The point isn’t that we should all break an arm to become creative,. It’s that Donnelly refused to be disarmed (pun intended) by an accident but,instead,  to find some way to continue with her art.

Her comparatively brief experience with disability pales beside Christy Brown, the writer-artist whose life was dramatized in the 1989 film “My Left Foot.” Born with cerebral palsy that made it impossible for him to control his body – except for his left foot – Christy won out over what would have been understandable despair. He used the big toe on that foot to write and draw, incredibly becoming a notable author and artist.

This blog is not a rallying cry for using our left side, although that’s reputedly the creative part of us. It’s a way of pointing out that with enough determination impossible can become possible . Nor is this limited to writers and painters. Could a composer who has become totally deaf possibly create music?  Fortunately Beethoven didn’t listen to naysayers. Couldn’t listen – not because of his hearing loss – but because within him was a fierce and unbeatable  need to create. Of course, this deaf musician went on to compose some of the world’s greatest music.

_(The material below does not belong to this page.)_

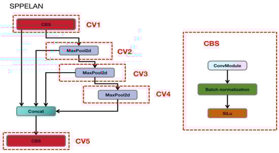SPPELAN is an enhanced module structure based on SPP [29], comprising a CBS module and three Maxpool2d modules for max pooling. The three max-pooling modules are connected sequentially and then fused. This method efficiently extracts the optimal features, passes them sequentially to Concat, and then proceeds through a CBS module to form SPPELAN. The network structure is shown in Figure 5. The SPPELAN module addresses the issue of repetitive feature extraction related to graphs in convolutional networks while maintaining the receptive field unchanged. This significantly enhances the speed of generating candidate boxes, reduces computational costs, and ultimately leads to improved speed.

There’s another “handicap,” if I may use that word. It doesn’t involve broken or paralyzed bones, and it can’t be wrapped in a splint. It’s the voice within us that whispers, Give up …no agent will reply…this will never be published…you can’t even write well anymore . .. on and on endlessly. That’s the disabling self we have to overcome. I’ve asked numerous writer friends what they do in those dark moments. The response is usually a shrug and the terse,“I keep writing.”

The choice for each of us is whether to give up or to go on. Fate may throw us a curve, but we’re the only ones who can defeat ourselves!

WEBSITE: www.annehosansky.com
BOOKS: Widow’s Walk – available through iUniverse.com; Turning Toward Tomorrow –Xlibris.com; Ten Women of Valor and Role Play – Amazon.com; also Amazon Kindle.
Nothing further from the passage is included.